## AIM OF THE EXERCISE
Transcribe the lines exactly, beginning with the one that contains "أما إسبيلية، فيسافر" and ending with the final line of the records. Do not transcribe pictures.
-- DATA EXCERPTS follows --
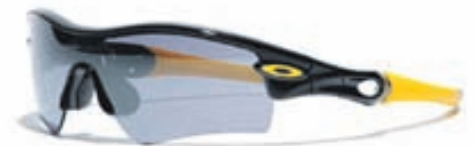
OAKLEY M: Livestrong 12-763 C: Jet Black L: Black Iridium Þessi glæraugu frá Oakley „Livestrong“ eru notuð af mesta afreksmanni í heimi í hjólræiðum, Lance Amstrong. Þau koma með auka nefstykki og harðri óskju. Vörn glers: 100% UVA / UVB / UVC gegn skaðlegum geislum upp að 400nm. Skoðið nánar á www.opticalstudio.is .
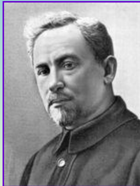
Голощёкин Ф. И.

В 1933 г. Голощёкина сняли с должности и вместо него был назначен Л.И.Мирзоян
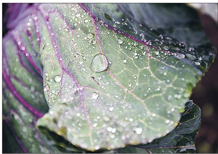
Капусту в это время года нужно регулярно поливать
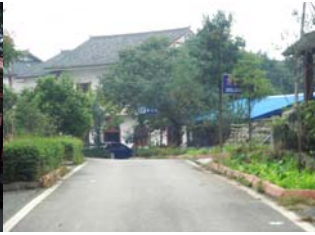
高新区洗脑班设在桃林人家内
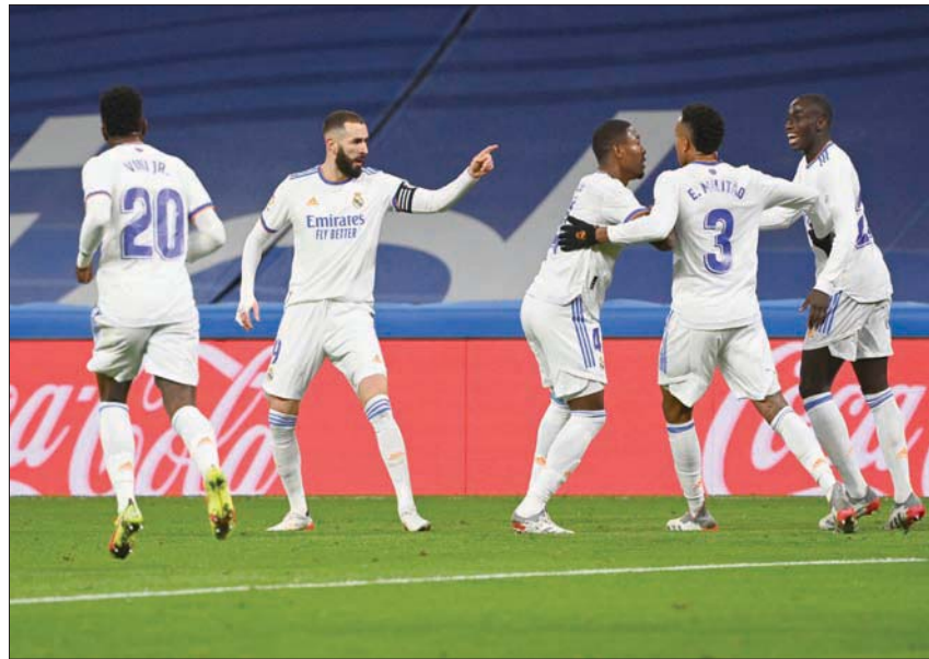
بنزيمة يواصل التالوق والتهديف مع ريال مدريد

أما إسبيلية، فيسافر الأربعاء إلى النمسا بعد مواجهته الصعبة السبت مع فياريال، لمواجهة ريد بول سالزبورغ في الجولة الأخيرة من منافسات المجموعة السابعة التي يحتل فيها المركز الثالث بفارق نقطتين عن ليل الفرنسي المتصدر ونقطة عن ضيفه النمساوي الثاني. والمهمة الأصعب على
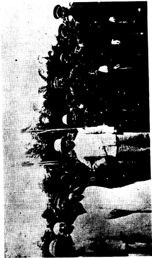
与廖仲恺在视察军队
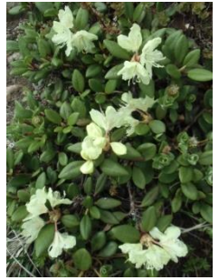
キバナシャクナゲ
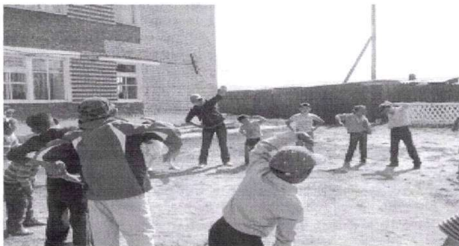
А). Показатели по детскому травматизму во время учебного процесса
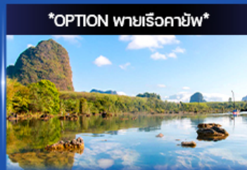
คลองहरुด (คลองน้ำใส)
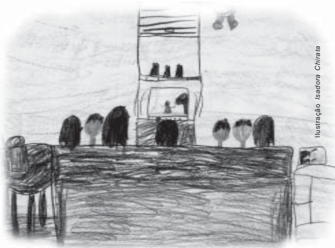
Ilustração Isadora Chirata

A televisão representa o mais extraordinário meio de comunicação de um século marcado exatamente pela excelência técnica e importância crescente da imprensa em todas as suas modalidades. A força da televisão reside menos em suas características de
-- DATA EXCERPTS concluded --
## RESPONSE AREA
أما إسبيلية، فيسافر الأربعاء إلى النمسا بعد مواجهته الصعبة السبت مع فياريال، لمواجهة ريد بول سالزبورغ في الجولة الأخيرة من منافسات المجموعة السابعة التي يحتل فيها المركز الثالث بفارق نقطتين عن ليل الفرنسي المتصدر ونقطة عن ضيفه النمساوي الثاني. والمهمة الأصعب على
与廖仲恺在视察军队
キバナシャクナゲ
А). Показатели по детскому травматизму во время учебного процесса
คลองहरुด (คลองน้ำใส)
Ilustração Isadora Chirata

A televisão representa o mais extraordinário meio de comunicação de um século marcado exatamente pela excelência técnica e importância crescente da imprensa em todas as suas modalidades. A força da televisão reside menos em suas características de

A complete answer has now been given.